A new book from Arcadia Publishing will be released later this month. Compiled by Art Sommers and Karen Kearns from the Washington County Museum image collection, “Washington County” features people and places in our county from the late 19th century through the mid-20th century.

Sommers moved to Hillsboro in 2016 and began to volunteer at the Museum. He had published five previous Arcadia books about California. He asked fellow Museum volunteer Kearns to assist him in selecting images from the collection and writing captions.

Washington County History

“We started with 400 images, we scanned 300, and from there we narrowed it down to the 200 images required for an Arcadia publication,” said Sommers.

Topics include early pioneers, transportation, business, schools, and service organizations and churches.

Unlike most Arcadia books, this one has a short index.

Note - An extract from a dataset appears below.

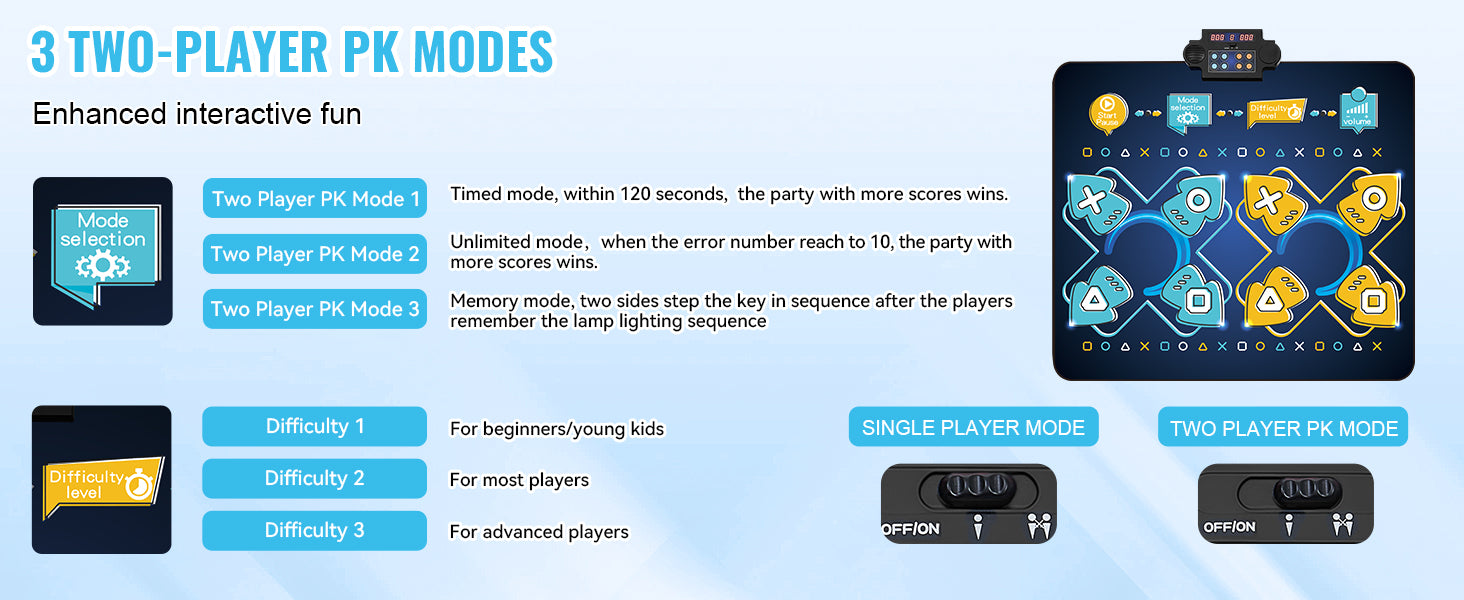 Diverse Gameplay: Boasting 2 modes (solo and dual-player PK) and 8 tracks, the single-player mode presents 8 tiers of challenges across 3 difficulty settings, while the two-player PK mode offers 3 exciting gameplay options for a constantly evolving dance experience.

Sommers said that his experience with Arcadia allowed him to work out this and a few other changes to the standard format. Note that there are no images of Cedar Mill in the book.

The book will be released on Monday, March 25, with a book signing at 7 pm at Powell's Books at Cedar Hills Crossing. Another book signing will be held on April 20 at the Washington County Museum.

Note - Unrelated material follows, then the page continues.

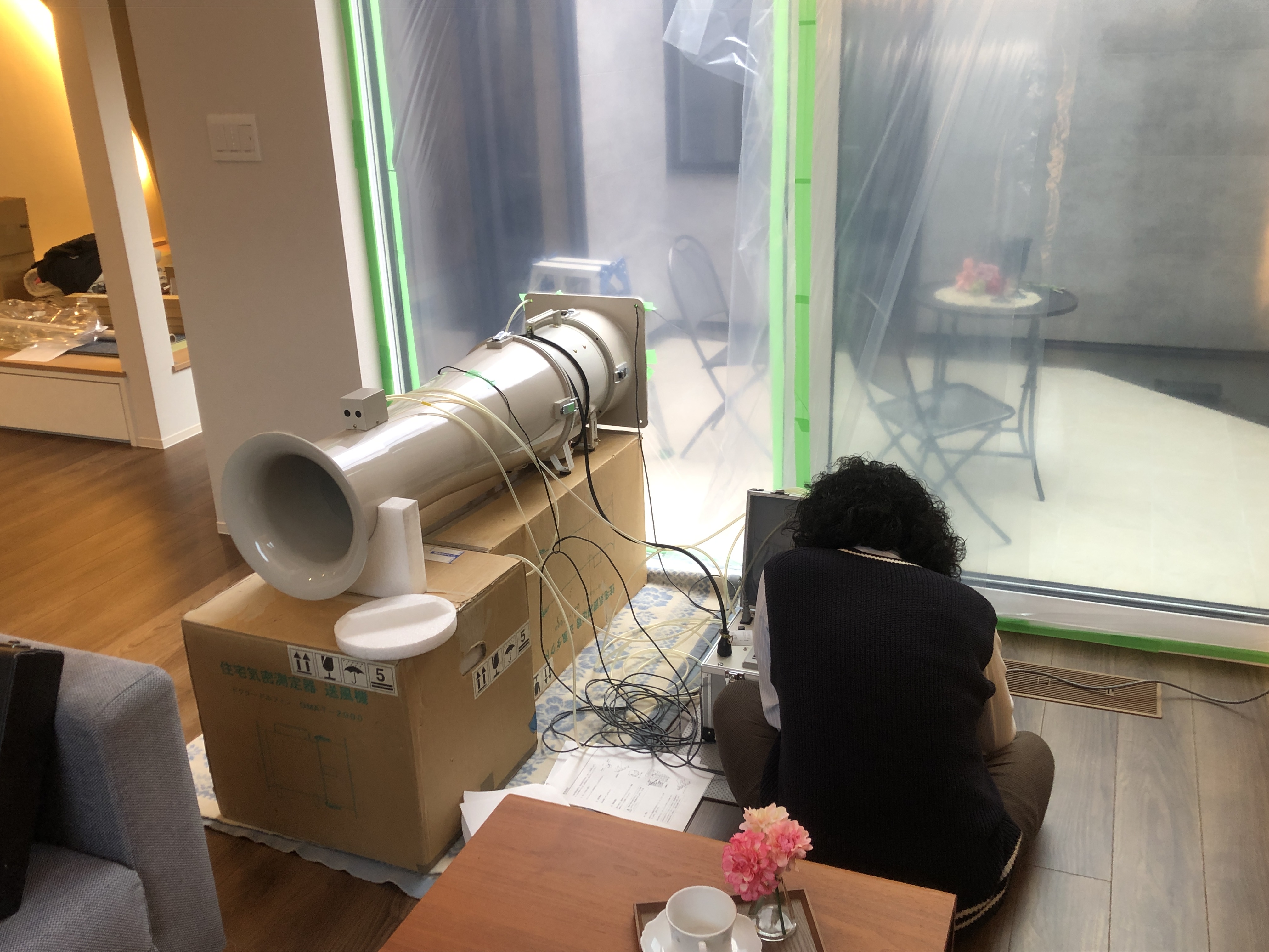 今回は【柏林台モデルハウス】の気密測定の様子を説明させて頂きます。

Cedar Mill History Club enjoys recalling Murray businesses

Around a dozen people enjoyed cookies and beverages at The Ackerly Timberland on February 21, during the latest meeting of the informal Cedar Mill History Club. With the help of a large aerial photo loaned by Bales Findley Property Management, we remembered Joe’s Grocery, originally located in the two-story building that used to be at the southeast corner of Murray and Cornell, later moving to the building that is now Miller Paint. Some recalled that the grocery included a cold-storage room where the butcher let locals store their own meat and game. The butcher later worked at Bales, but nobody could remember his name.

The two-story building also housed Mack’s Auto Parts. Further down Murray, C&H Hardware occupied the building that now contains Haven Coffee and Muttley Crew doggie daycare. Many also recalled HumDinger, a hamburger restaurant that served generations of families and students from Sunset High.

The buildings at the corner, and the HumDinger, were removed to make way for the widening of the Murray Cornell intersection. Later this year Community Partners for Affordable Housing are expected to begin construction of low-income housing on the remaining lot.

The next meeting of the History Club will be sometime in April. Sign up for the mailing list or join the Historical Society Facebook group to get more information.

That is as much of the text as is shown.